Written and directed by Liam Gavin, this is one of the more impressive and confident debuts I have seen and a tantalising start to his career. Gavin’s direction betrays his boldness with its perfectionism and attention to detail, as he deliberately keeps his audience in the dark in terms of the supernatural ambiguity of the narrative. There are no jump scares, indulgent gore or shaky camerawork that a lot of horror films use to pretend that they’re actually scary. A Dark Song breaks with the modern horror cliches and relies on his masterfully created atmosphere to set a truly terrifying experience.
The script is brilliant as well, with the incredible depth given to the two characters providing a strong emotional core, adding an extra dynamic to the already palpable sense of dread. The dialogue is authentic and often quite insightful, making the audience feel like we are flies on the wall, observing these two very real people dabble with something potentially dangerous. Gavin smartly keeps the audience unaware of the purpose of a lot of these strange rituals; we learn as Sophia learns, and are just as immersed, afraid, and perplexed as she is. The most effective thing, though, is that these two characters are, essentially, very normal. Joseph isn’t an eccentric lunatic and Sophia isn’t gullible and unreasonably headstrong like a lot of female characters in horror films are. They are both just human beings struggling with life’s problems and A Dark Song is all the more effective for it as we experience the proceedings through their eyes.
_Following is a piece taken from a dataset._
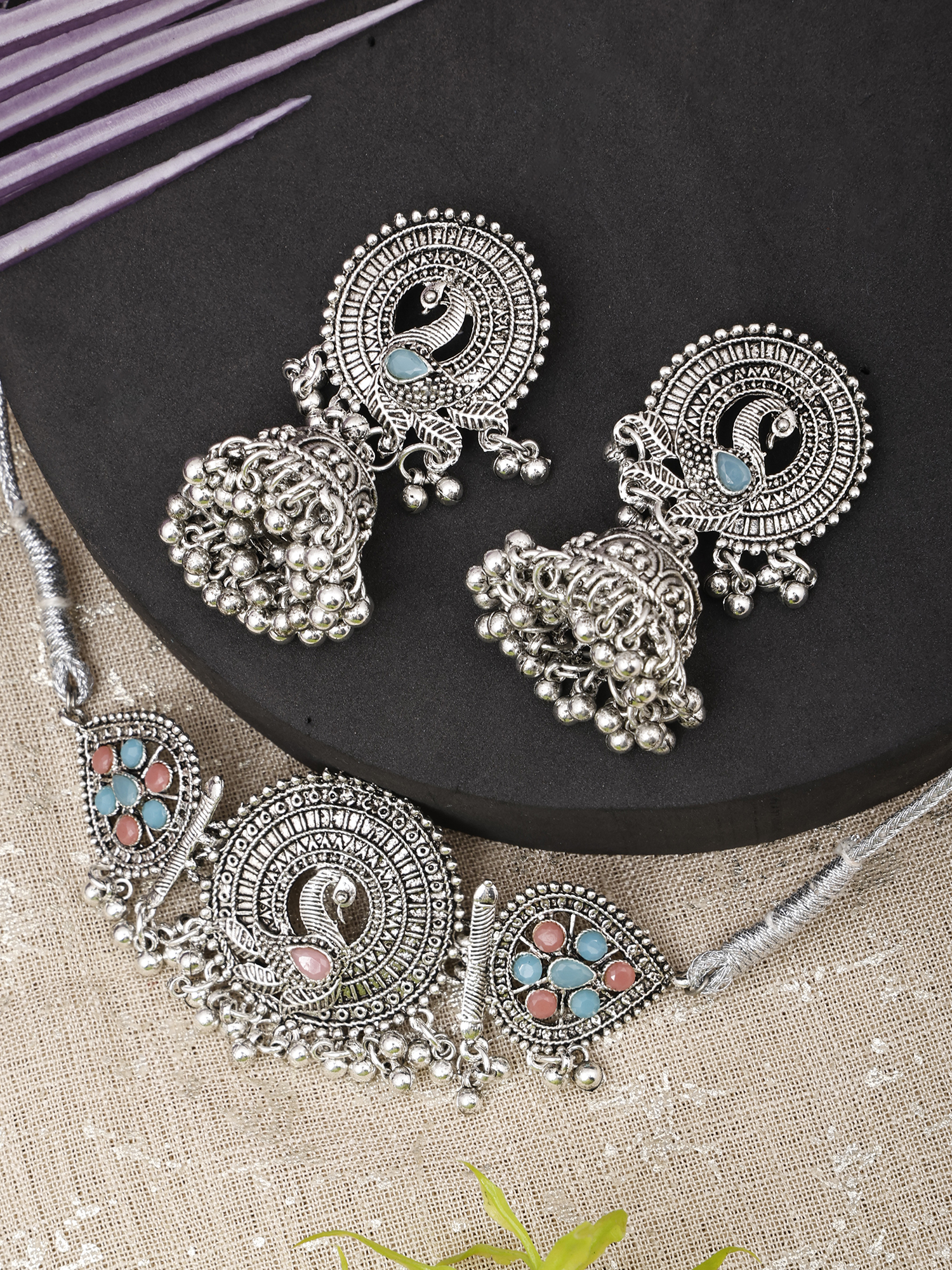- Latest traditional oxidised silver necklace jewellery set

The production design in this is superb, with every room in the house dripping with menace and the bleak and groggy exteriors of the surrounding countryside ensuring a intensely claustrophobic atmosphere. The restrained use of the religious iconography and paraphernalia is perfectly captured by the subtle and controlled camerawork that uses extended still-shots rather than kinetic manoeuvring. The sound design is also perfect, with Ray Harman’s ominous soundtrack complementing the spine-chilling visuals and using complete silence when it counts, making for some horrifically tense sequences.
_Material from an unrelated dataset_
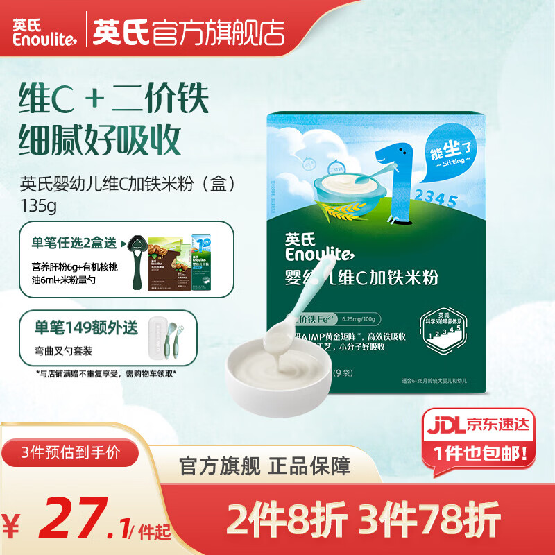 英氏米粉婴儿高铁独立小包装宝宝米粉荤素果蔬6-12个月米糊婴儿细腻 【1阶6月+】维C加铁便携 135g*1盒

Although the relationship between Sophia and Joseph is one of the most compelling aspects of the film, this is very much Sophia’s journey, as it’s her suffering this ritual is supposed to be alleviating. Forced to submit to every demand Joseph throws at her and exploited at every opportunity, these cruel commands coupled with the initial uneventfulness of the ritual leaves her spiritually and physically broken, all the more easy for Joseph to further take advantage of her. Actress Catherine Walker portrays this role with bruising vulnerability and she is an emotional powerhouse. Steve Oram as Joseph Solomon is the stern, abrasive, outspoken opposite to Sophia’s quiet sensitivity. He oozes a hidden bitterness that gives A Dark Song yet another vicious edge. His performance is energetic and confrontational, but never exaggerated. It’s thanks to both of these fantastic performances that make sure the film remains authentic and natural.
A Dark Song is a disturbing, clever, nail-bitingly tense horror movie that feels like it was made by a veteran. Passion bleeds from every frame, and it’s not only a masterwork of genre craftsmanship but also of sorrowful storytelling. Utterly unique and daring, you won’t find another movie that uses religious and supernatural themes quite like this one. Without hyperbole, I’m willing to say that this was the most terrified I have been watching a movie in the last decade.
An absolutely petrifying, bone-chilling, hauntingly sinister horror movie with some of the most dreadful atmospheres I have ever experienced, A Dark Song is also one of the best movies I have seen in many years. The direction and craftsmanship is immaculate, the tense pacing elevates the claustrophobia, and the entire film is filled with striking imagery. This bizarre but audacious film deserves to go down as one of the most memorable pieces of cinema that the horror genre has produced in a long while.